**Problem details**
Return the lines of the listing below exactly as they appear, beginning at the one with "Step into a" and stopping after the one with "La Municipalidad de"; do not include pictures.

##### Supplied material

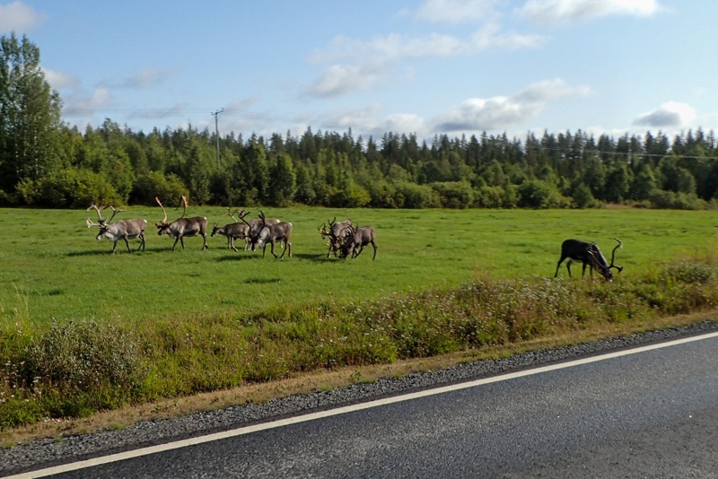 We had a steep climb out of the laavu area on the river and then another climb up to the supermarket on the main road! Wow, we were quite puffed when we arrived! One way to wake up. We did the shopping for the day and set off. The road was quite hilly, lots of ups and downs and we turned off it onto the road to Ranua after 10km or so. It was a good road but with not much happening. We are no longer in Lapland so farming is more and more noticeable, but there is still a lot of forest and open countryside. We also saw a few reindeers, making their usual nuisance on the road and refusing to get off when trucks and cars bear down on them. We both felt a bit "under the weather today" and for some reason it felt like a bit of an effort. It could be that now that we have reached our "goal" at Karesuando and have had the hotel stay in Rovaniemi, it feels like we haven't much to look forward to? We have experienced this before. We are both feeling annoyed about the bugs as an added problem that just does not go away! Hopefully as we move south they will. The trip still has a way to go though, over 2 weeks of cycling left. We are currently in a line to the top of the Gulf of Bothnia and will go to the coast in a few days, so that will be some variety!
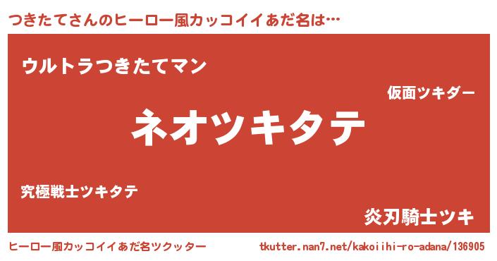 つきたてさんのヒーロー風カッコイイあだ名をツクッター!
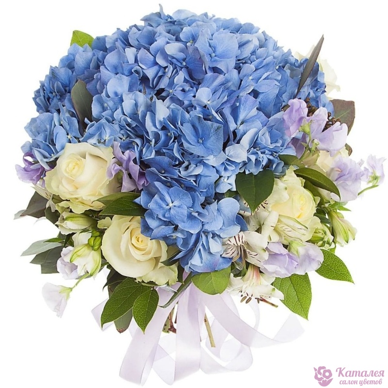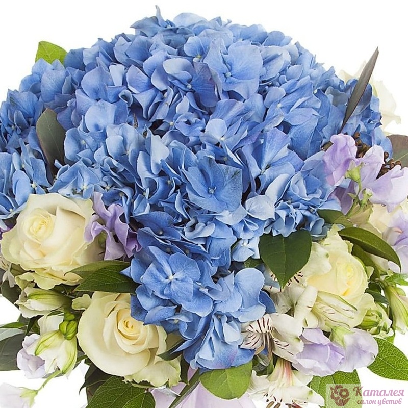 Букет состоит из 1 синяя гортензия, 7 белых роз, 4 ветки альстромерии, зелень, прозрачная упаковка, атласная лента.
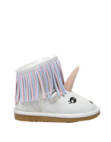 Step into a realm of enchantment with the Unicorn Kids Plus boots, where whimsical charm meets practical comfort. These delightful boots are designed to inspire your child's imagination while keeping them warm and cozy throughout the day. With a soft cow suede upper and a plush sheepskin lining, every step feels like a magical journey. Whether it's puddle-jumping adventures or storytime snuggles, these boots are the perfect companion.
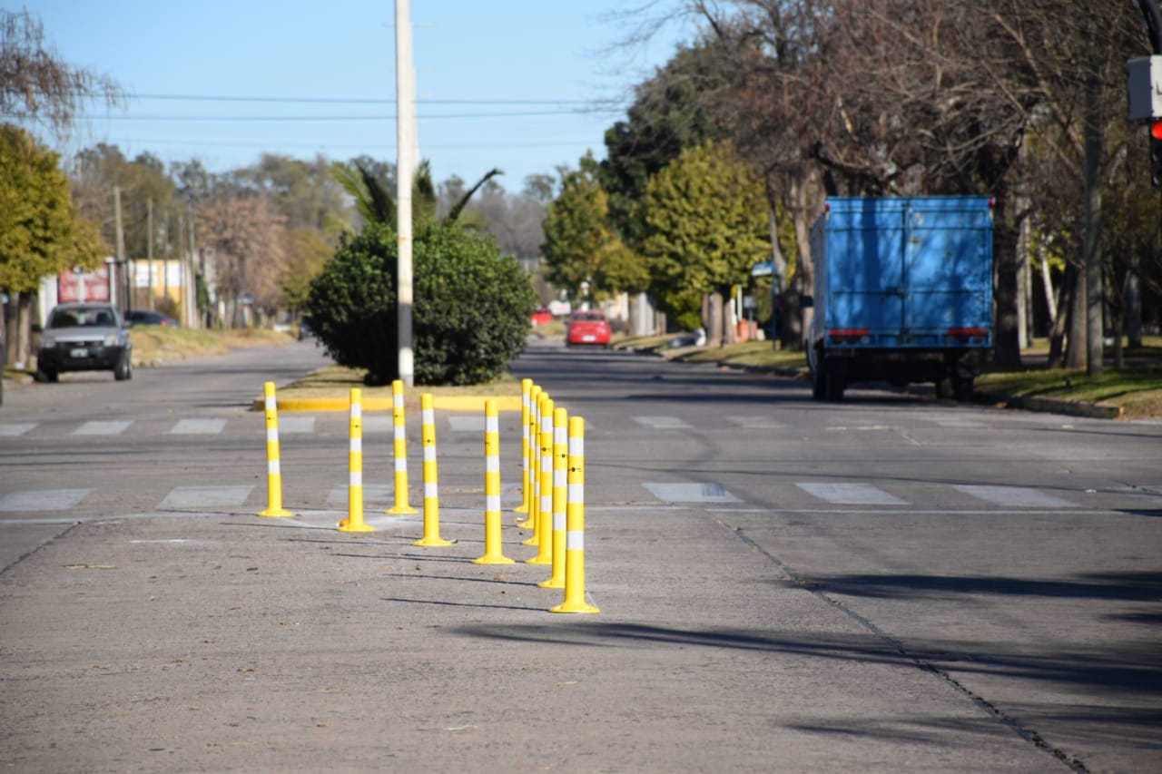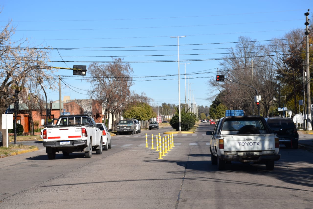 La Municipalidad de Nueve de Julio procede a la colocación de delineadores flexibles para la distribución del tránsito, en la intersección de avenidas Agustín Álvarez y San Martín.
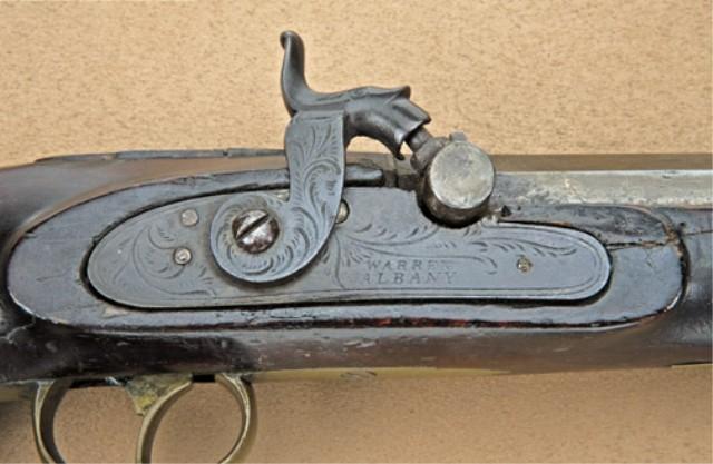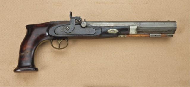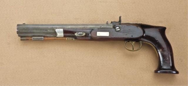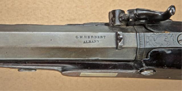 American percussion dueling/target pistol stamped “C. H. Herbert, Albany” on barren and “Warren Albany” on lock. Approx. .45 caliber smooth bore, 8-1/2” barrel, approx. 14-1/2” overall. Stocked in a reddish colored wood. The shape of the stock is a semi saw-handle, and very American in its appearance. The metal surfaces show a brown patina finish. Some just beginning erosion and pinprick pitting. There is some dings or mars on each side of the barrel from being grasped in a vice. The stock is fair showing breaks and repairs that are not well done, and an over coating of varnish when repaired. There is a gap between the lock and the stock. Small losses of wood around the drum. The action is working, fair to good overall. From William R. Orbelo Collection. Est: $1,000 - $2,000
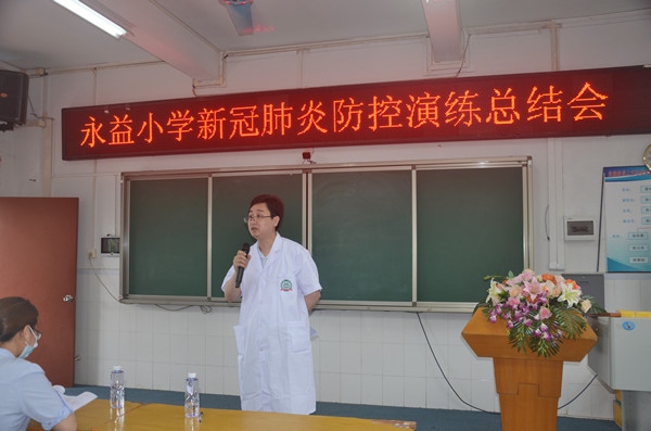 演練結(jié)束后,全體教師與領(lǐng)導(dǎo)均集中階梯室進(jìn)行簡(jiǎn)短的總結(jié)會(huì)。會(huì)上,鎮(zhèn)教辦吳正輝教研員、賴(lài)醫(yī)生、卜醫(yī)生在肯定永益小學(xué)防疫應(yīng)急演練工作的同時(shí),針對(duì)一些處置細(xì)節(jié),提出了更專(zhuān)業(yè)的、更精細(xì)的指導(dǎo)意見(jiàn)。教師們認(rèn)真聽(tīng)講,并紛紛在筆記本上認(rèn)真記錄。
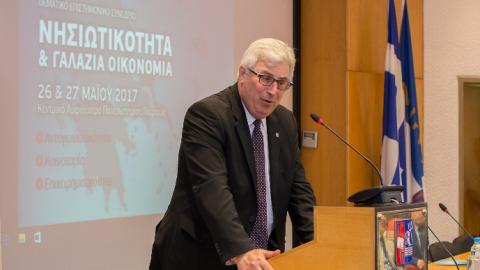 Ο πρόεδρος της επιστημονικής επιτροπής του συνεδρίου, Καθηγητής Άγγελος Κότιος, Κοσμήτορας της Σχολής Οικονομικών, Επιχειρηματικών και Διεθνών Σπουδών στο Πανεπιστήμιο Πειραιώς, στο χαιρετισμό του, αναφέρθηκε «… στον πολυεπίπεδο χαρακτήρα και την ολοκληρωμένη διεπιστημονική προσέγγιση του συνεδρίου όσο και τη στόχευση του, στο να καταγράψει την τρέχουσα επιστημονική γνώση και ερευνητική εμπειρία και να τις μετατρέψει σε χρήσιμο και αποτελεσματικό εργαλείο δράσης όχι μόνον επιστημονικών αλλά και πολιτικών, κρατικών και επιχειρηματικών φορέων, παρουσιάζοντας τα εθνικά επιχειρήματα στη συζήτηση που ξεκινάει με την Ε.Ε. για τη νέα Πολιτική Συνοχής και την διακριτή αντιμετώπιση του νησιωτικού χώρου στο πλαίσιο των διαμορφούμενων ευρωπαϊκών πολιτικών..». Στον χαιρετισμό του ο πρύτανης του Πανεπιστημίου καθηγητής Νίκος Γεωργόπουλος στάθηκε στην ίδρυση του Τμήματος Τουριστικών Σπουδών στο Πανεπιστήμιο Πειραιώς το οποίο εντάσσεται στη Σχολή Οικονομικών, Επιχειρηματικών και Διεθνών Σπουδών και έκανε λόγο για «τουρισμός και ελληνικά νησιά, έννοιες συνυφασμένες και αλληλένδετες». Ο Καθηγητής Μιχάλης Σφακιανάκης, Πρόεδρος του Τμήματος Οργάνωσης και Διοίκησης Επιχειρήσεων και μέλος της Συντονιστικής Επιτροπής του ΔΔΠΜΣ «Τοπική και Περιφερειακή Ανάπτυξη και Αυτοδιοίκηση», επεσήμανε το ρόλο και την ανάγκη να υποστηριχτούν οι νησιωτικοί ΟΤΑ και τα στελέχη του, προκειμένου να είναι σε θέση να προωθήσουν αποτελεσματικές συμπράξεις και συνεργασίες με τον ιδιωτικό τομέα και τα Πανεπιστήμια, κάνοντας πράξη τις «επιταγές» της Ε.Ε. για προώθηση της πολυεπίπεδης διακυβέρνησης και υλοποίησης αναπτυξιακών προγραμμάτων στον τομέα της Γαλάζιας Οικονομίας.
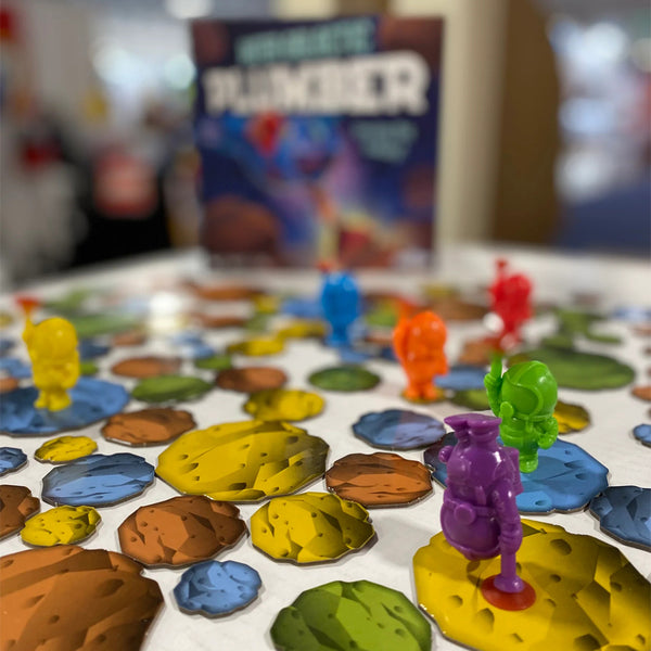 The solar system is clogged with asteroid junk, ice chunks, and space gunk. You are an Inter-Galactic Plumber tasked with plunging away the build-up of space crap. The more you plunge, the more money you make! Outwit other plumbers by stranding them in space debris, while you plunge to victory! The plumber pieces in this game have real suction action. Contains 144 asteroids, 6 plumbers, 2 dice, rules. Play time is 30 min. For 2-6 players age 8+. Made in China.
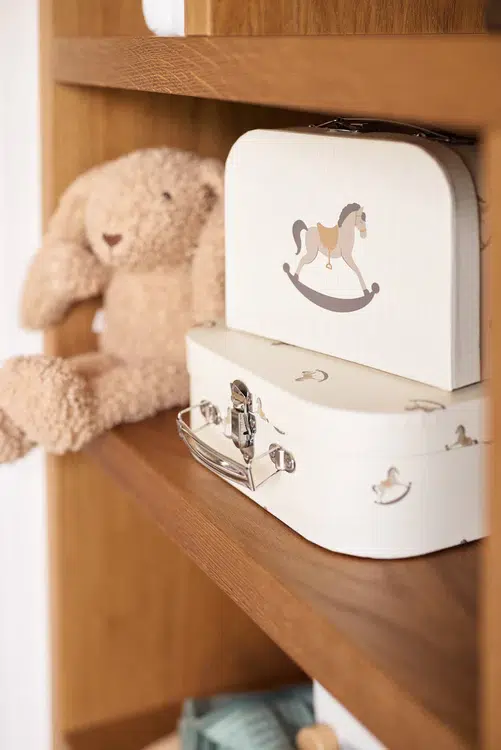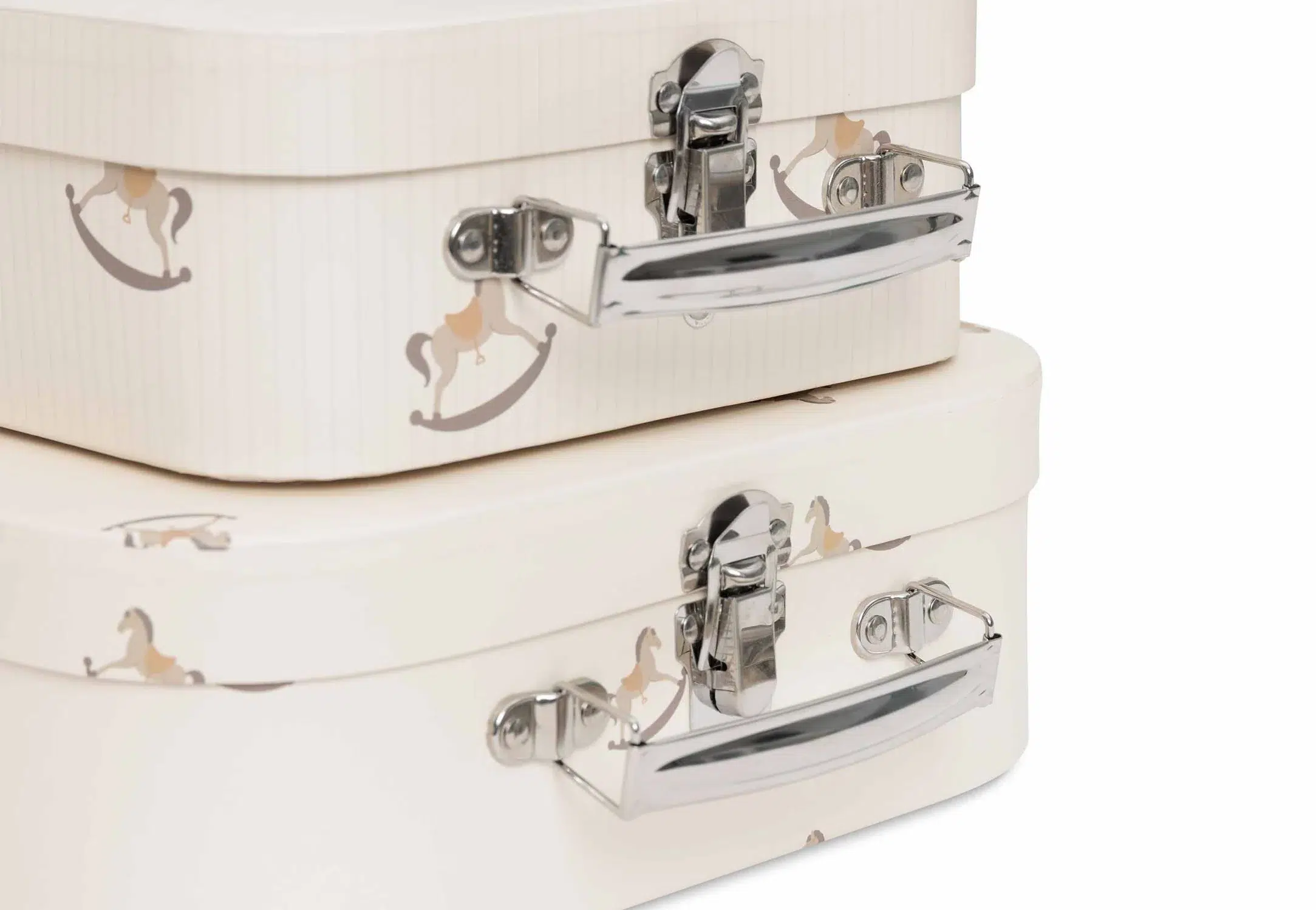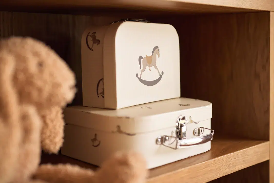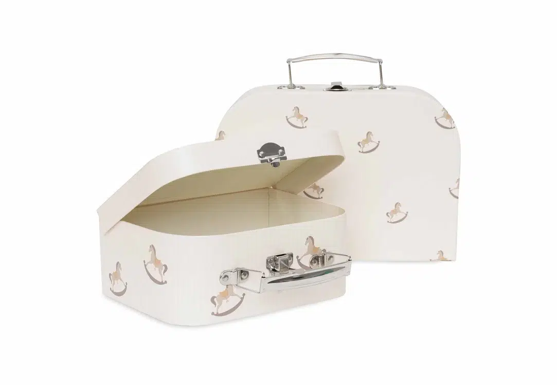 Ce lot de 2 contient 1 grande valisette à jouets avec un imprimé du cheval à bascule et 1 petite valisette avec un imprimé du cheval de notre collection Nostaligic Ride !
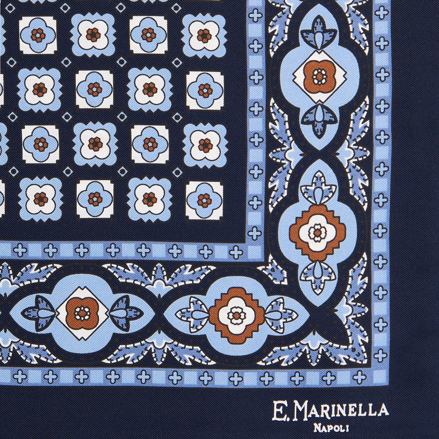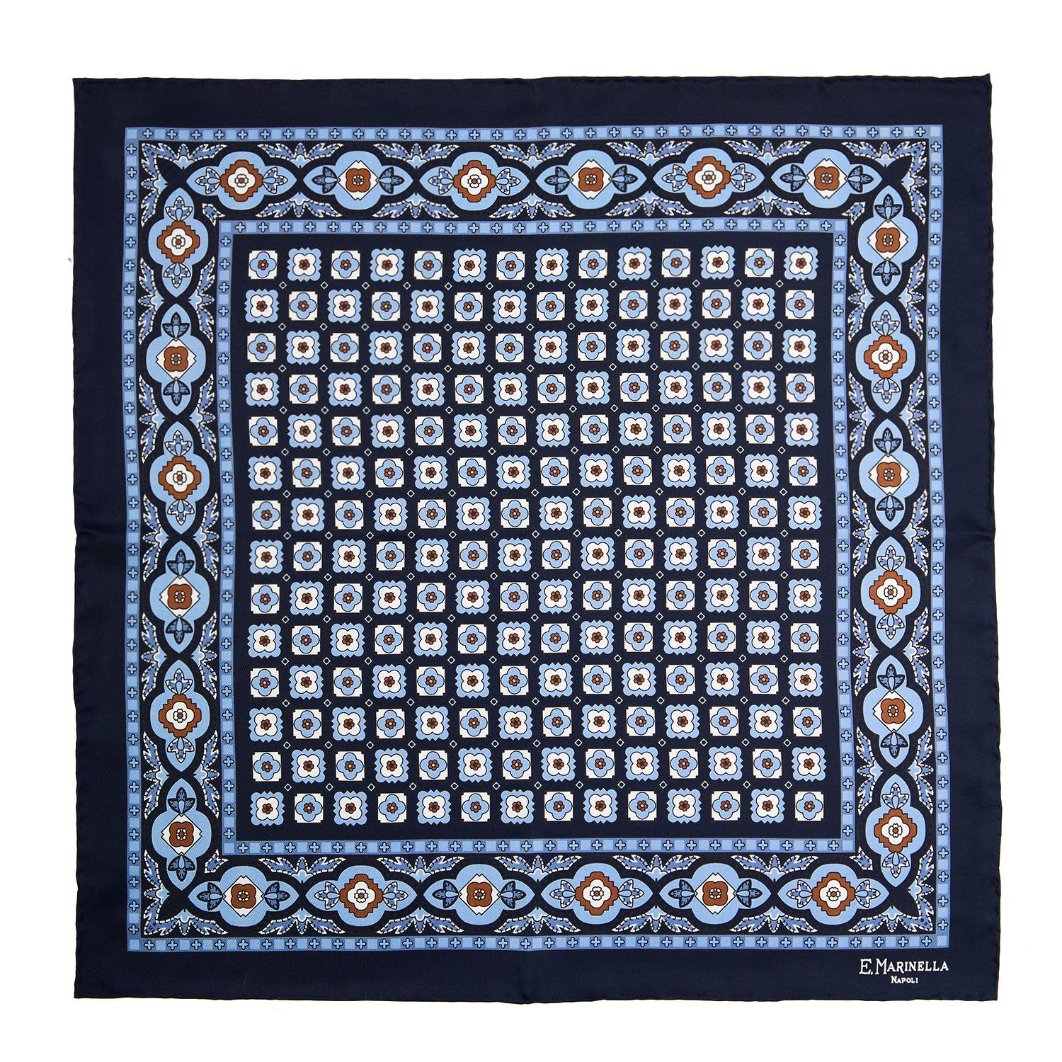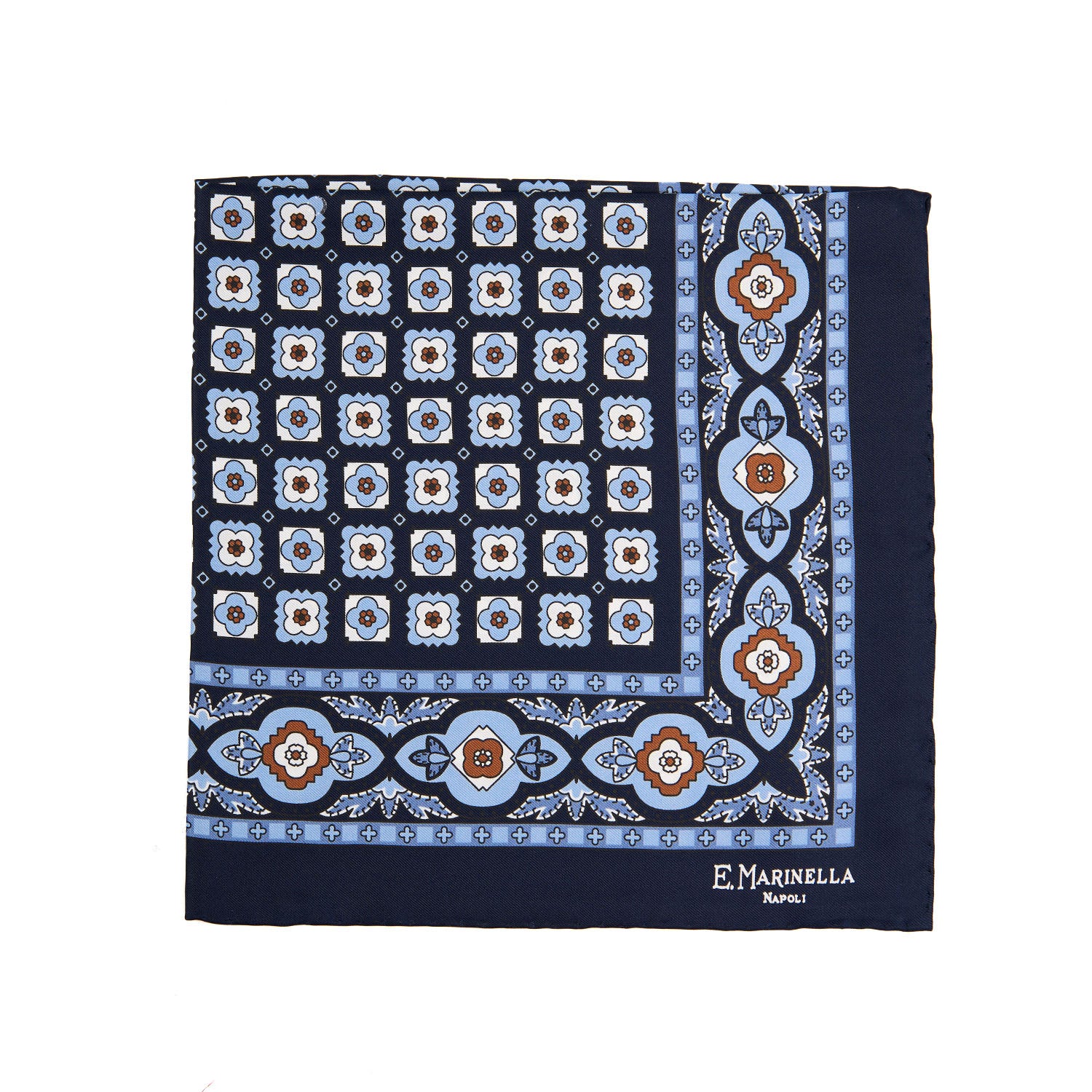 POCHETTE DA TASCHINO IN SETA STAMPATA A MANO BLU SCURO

##########

**Problem solution**
 Step into a realm of enchantment with the Unicorn Kids Plus boots, where whimsical charm meets practical comfort. These delightful boots are designed to inspire your child's imagination while keeping them warm and cozy throughout the day. With a soft cow suede upper and a plush sheepskin lining, every step feels like a magical journey. Whether it's puddle-jumping adventures or storytime snuggles, these boots are the perfect companion.
 La Municipalidad de Nueve de Julio procede a la colocación de delineadores flexibles para la distribución del tránsito, en la intersección de avenidas Agustín Álvarez y San Martín.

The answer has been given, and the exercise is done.